Bottom Line: Choose foods that contain healthier fats, such as the omega-3’s in mackerel, if you are at risk for hypertriglyceridemia.
5. Mackerel Can Effectively Regulate Blood Cholesterol
Like triglycerides, cholesterol is a fatty-like substance that is found in the cells of your body. Cholesterol is necessary to make hormones and other substances that help you digest your food. It is carried through your bloodstream on lipoproteins, both low-density (LDL – “bad” cholesterol) and high-density (HDL – “good” cholesterol). High LDL levels leads to cholesterol build-up in your arteries (and cholesterol cannot be absorbed into your blood), HDL carries the cholesterol back to the liver, which then removes it from your body (12).

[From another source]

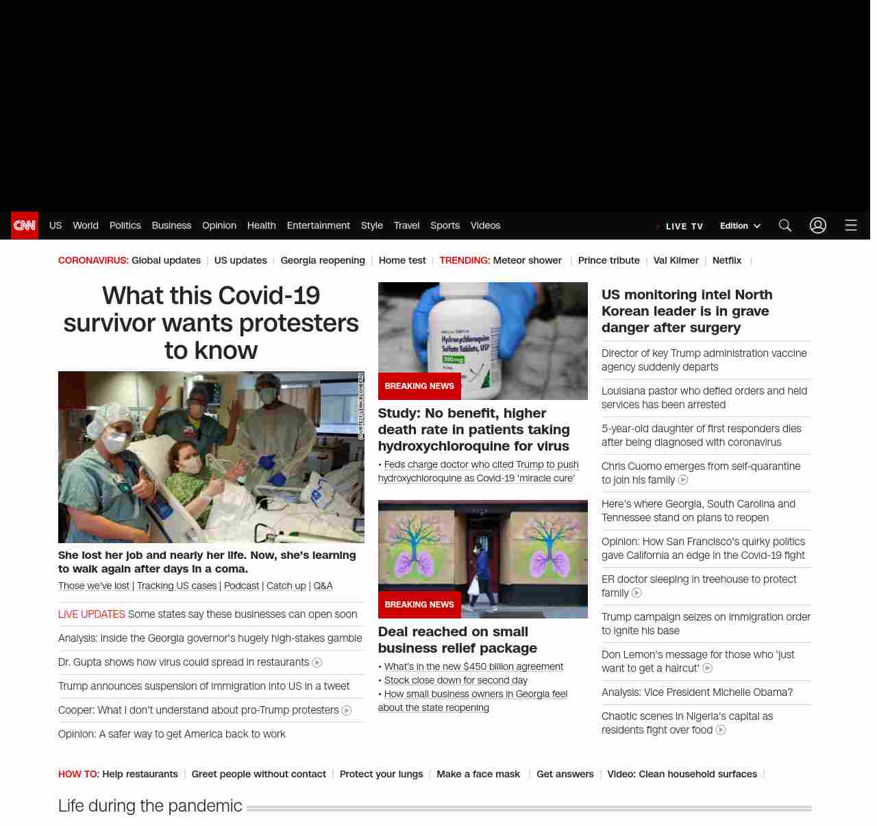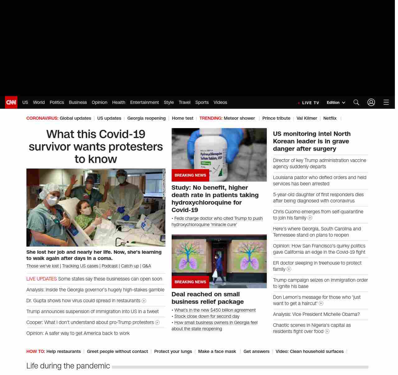 || screaming-banner-text banner-text-size–char-47″ data-analytics=”_list-hierarchical-xs_article_”> What this Covid-19 survivor wants protesters to know ||” , title: “CNN – Breaking News, Latest News and Videos” , siblings: {“articleList”:[{“uri”:”/2020/04/21/us/coronavirus-survivor-response-to-protesters/index.html”,”headline”:”u003cstrong>She lost her job and nearly her life. Now, she’s learning to walk again after days in a coma.u003c/strong>”,”thumbnail”:”//cdn.cnn.com/cnnnext/dam/assets/200421023256-02-leah-blomberg-small-11.jpg”,”duration”:””,”description”:”u003ca href=”https://www.cnn.com/interactive/2020/health/coronavirus-victims-memories/” target=”_blank”>Those we’ve lost u003c/a>| u003ca href=”https://www.cnn.com/interactive/2020/health/coronavirus-us-maps-and-cases/” target=”_blank”>Tracking US casesu003c/a> | u003ca href=”https://www.cnn.com/audio/podcasts/corona-virus” target=”_blank”>Podcastu003c/a> | u003ca href=”https://www.cnn.com/2020/04/20/world/coronavirus-newsletter-04-20-20-intl/index.html” target=”_blank”>Catch upu003c/a> | u003ca href=”http://cnn.com/CoronavirusAnswers” target=”_blank”>Q&Au003c/a>”,”layout”:””

Your body makes all the cholesterol it needs, but it can also be found in the foods you eat. As a result, high-cholesterol affects over 30% of adults in the United States alone. While about a third of them have it under control, less than half are seeking treatment for it (13). There are no visible symptoms of high-cholesterol, and only a blood test can determine your levels and if you are at risk. Unchecked, high-cholesterol can lead to issues such as heart attack or stroke (14).

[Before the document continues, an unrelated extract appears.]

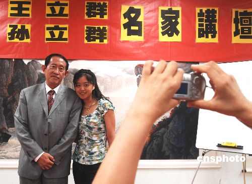 享誉中国的电视节目《百家讲坛》的主讲者越洋飞抵洛杉矶,七月二十二日继续美国真人现场版为华人华侨接着开讲《史记》中汉武帝风流功过是非启迪后人,并忙于为“粉丝”签名售书。中新社发 贾国荣 摄
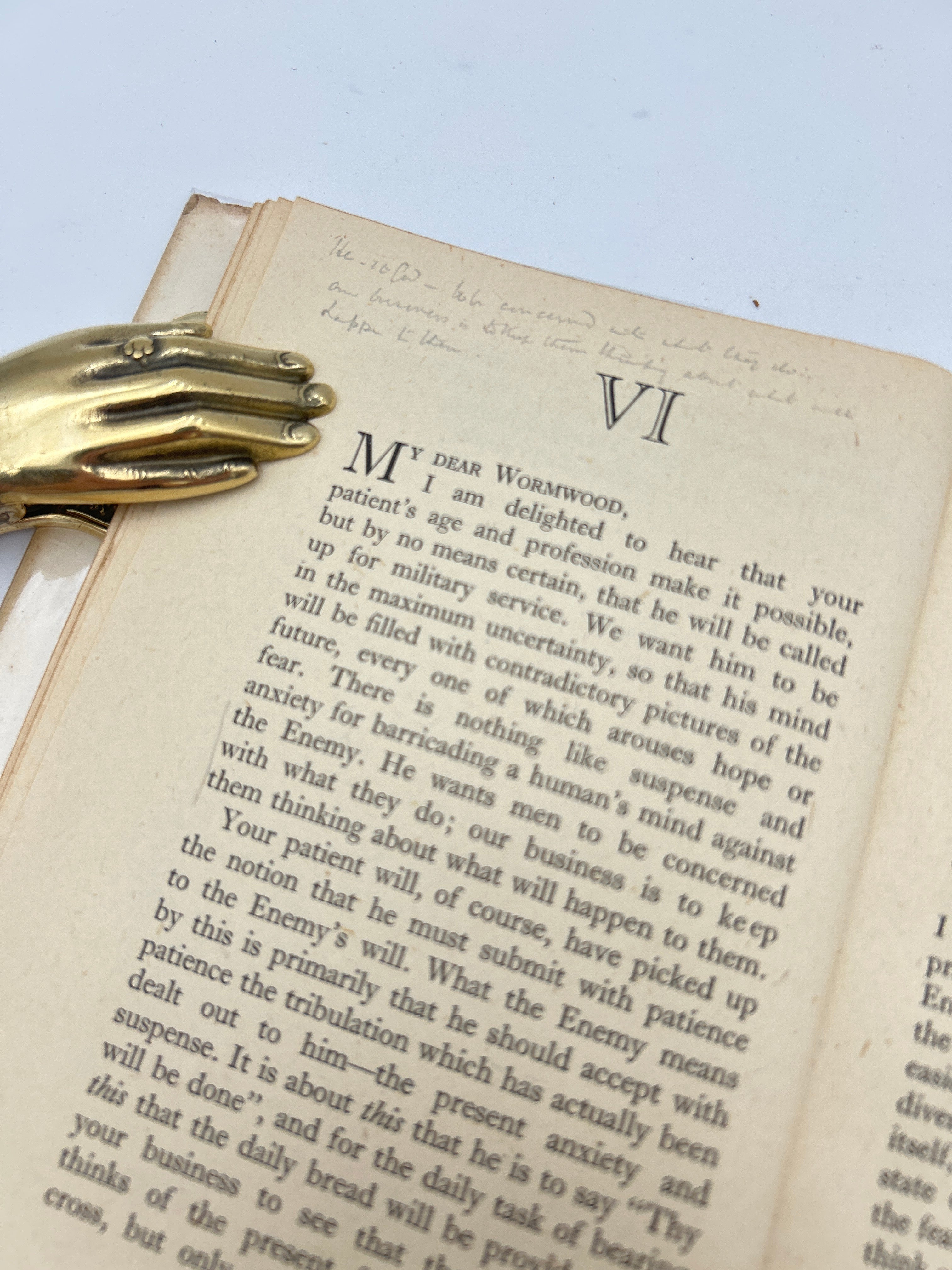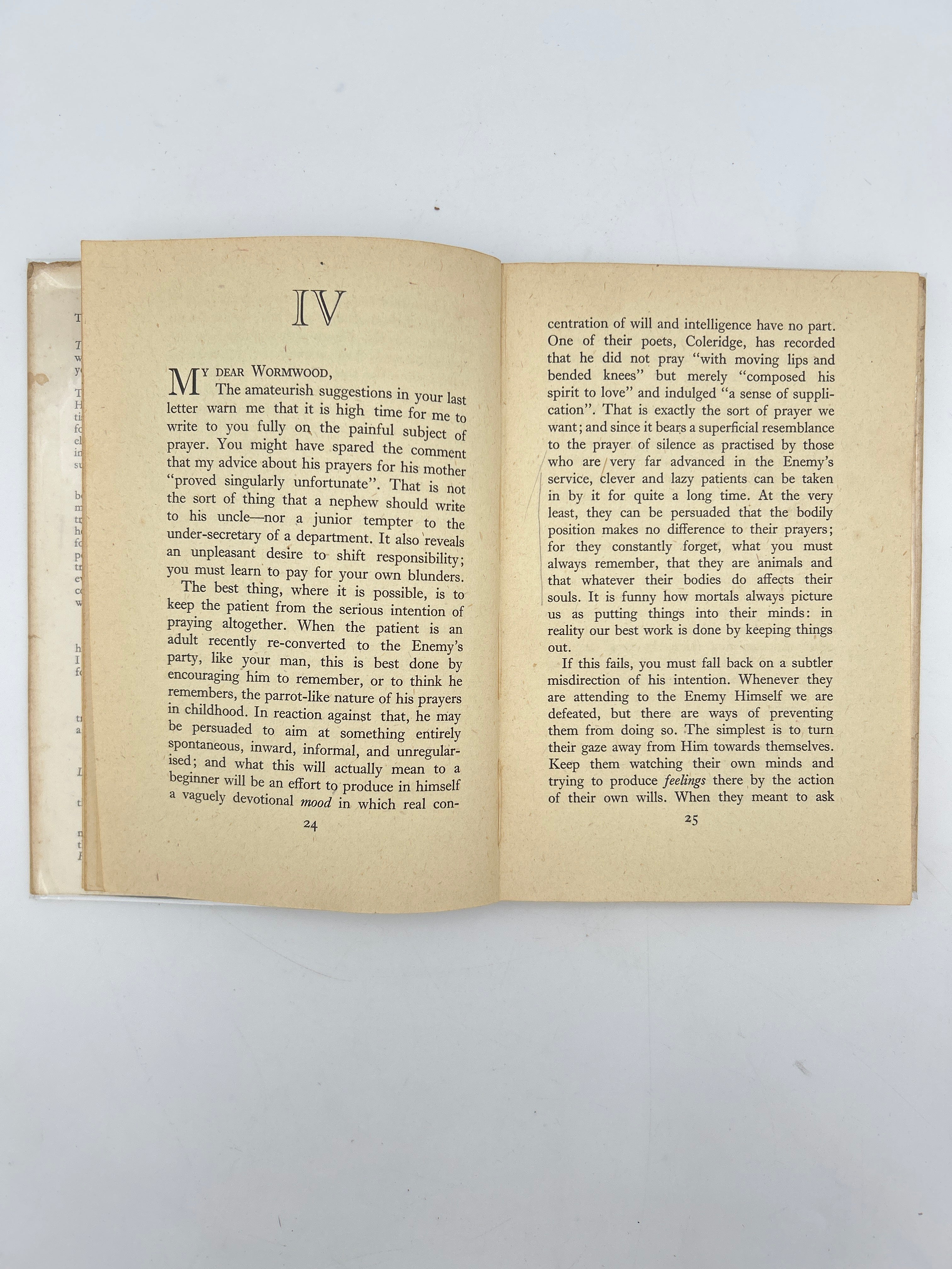 The first edition of The Screwtape Letters was published by Geoffrey Bles in London in 1942, during the height of World War II, and was an immediate success. Its sharp tone, moral seriousness, and inventive format resonated with readers in a time of turmoil and uncertainty. Early editions featured a simple red cloth binding and sold quickly, leading to multiple reprints in the same year. In the U.S., it was first published later in 1943 by Macmillan. Some early editions included a brief preface and, in later printings, Lewis added a satirical postscript titled "Screwtape Proposes a Toast," which expanded on the original ideas. First and early editions are now highly collectible, valued for their historical context and the enduring popularity of Lewis’s work.

Your lifestyle is most likely the cause, but it can also be the result of your age, gender, or an unfortunate family history. By eating a diet high in saturated fats and not exercising, therefore leaving you overweight, you greatly increase your risk of high blood cholesterol (15). The fish oil found in mackerel has been known to lower LDL levels and raise HDL levels. Since oily fish can help lower LDL levels by keeping cholesterol from being absorbed into the intestines, it is also effective at lowering blood pressure (16).